A former student asked me if I’d comment on a particular case reported in last week’s press. A girl from Preston with serious disabilities has been denied DLA because her father is working in Germany. The picture shows her mother’s response.
The rules are complex. When people are working in EU countries, they generally their benefits from the ‘competent state, which will usually be the place where someone works. There’s a long list of benefits which are covered in these rules: DLA care component is treated (oddly) as if it was contributory, and DLA mobility component is treated as a ‘special non-contributory benefit’, but the upshot of it is that only the competent state will be liable to pay. That’s the position, then, which has led to the DWP claiming that Germany should be paying in this case.
The rule doesn’t make any sense. Consider it first from the perspective of the operation of benefits in the UK. Some benefits are income tested; many aren’t. People’s pension does not go up or down because they have an occupational pension – or because they have overseas investments. DLA is non-contributory and non-means tested; it isn’t affected because people have a court settlement, or an industrial injuries benefit, or a war pension. So why should it change if people get a benefit in Germany as well – or if they don’t?
Next, consider it from the perspective of the European Union. Benefits are not like residential care units, where people can only get one place at a time; people can draw income from several sources. The European Union has been trying to develop networks of solidarity that cut across national boundaries.
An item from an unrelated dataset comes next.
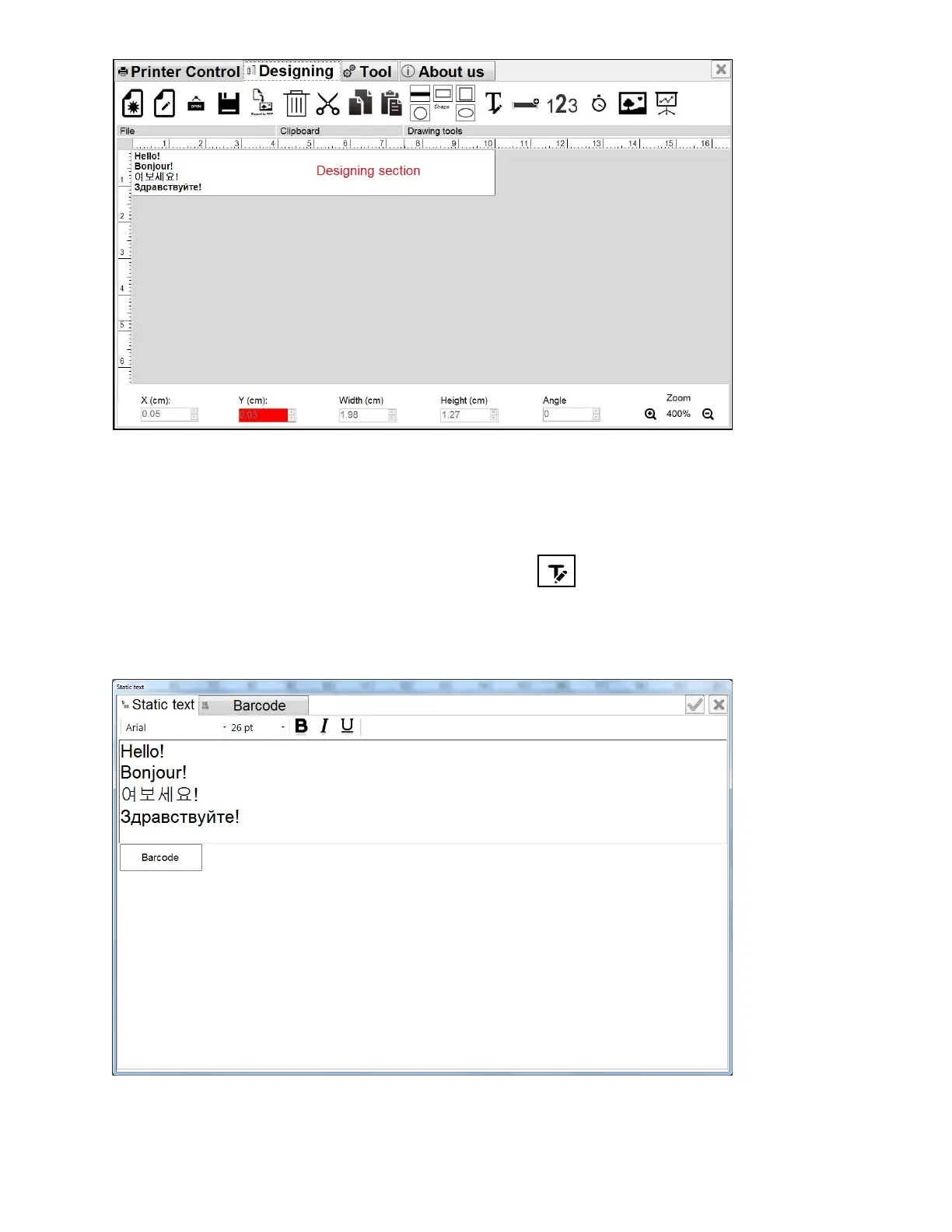 Static Text window will pop up.

Pensioners commonly get money from government and from occupational pension funds. That’s what European integration means. So a rule that leads to benefits stopping at national borders undermines one of the central principles of the single market.
I think the DWP’s interpretation in this case is doubtful, and it may well be challenged in the courts before long. It looks too as if they’ve suspended benefits on the basis that Germany ought to accept liability for a non-resident disabled person, in circumstances where the UK itself wouldn’t. There’s an evident problem in introducing rules that are so obscure that the DWP itself gets it wrong on its first go and where no-one has any hope of working out what ought to happen unless it goes to court. This is bad practice in every sense, and it ought to stop here.
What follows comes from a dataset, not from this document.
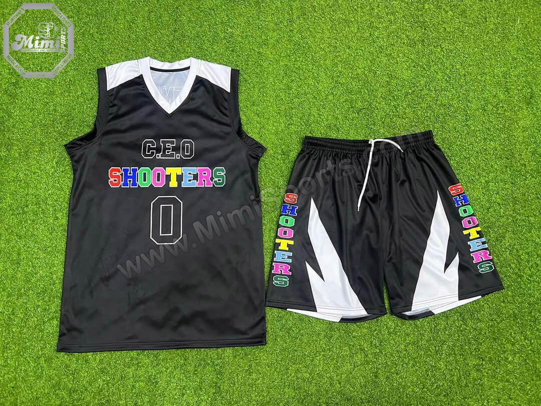 Make your team unstoppable with MimiSports’ Elite Black C.E.O SHOOTERS Basketball Uniform — engineered for performance, pride, and bold visual impact.

In this sort of case the European Commission is supposed to help. They will answer letters and emails. It might be worth a try, as DWP is bound to take account of the enswer. Good luck to this family.
Paul, if I am not mistaken there is another point – and actually a very simple one: If DLA is an individualised claim, i.e. a claim that grants the right to receive benefit to the person in question (not the family or family members), this adds another point to the dubiety of the decision
On the limited amount of information shown about the case, it seems advisable for the parent to dispute the decision (if it is a decision on entitlement, and not just a suspension of payment) through the statutory channels. As I am sure you know well Paul, that means first requesting a reconsideration of the decision. Normal time limit for a request is one month from date of decision, which can be extended in special circumstances. In the event that the decision gets upheld on reconsideration, there is then a right to appeal directly to the First-tier Tribunal. Again normal time limit one month, which can be extended if benefit authority does not object, otherwise at discretion of Tribunal. I just wonder if that option has been drawn to the parent’s attention? I would also suggest she gets specialist expert advice form a local welfare rights agency, or from a CAB or similar. Seems there could well be arguments to be made (perhaps as yet untested) that might find favour with a Tribunal.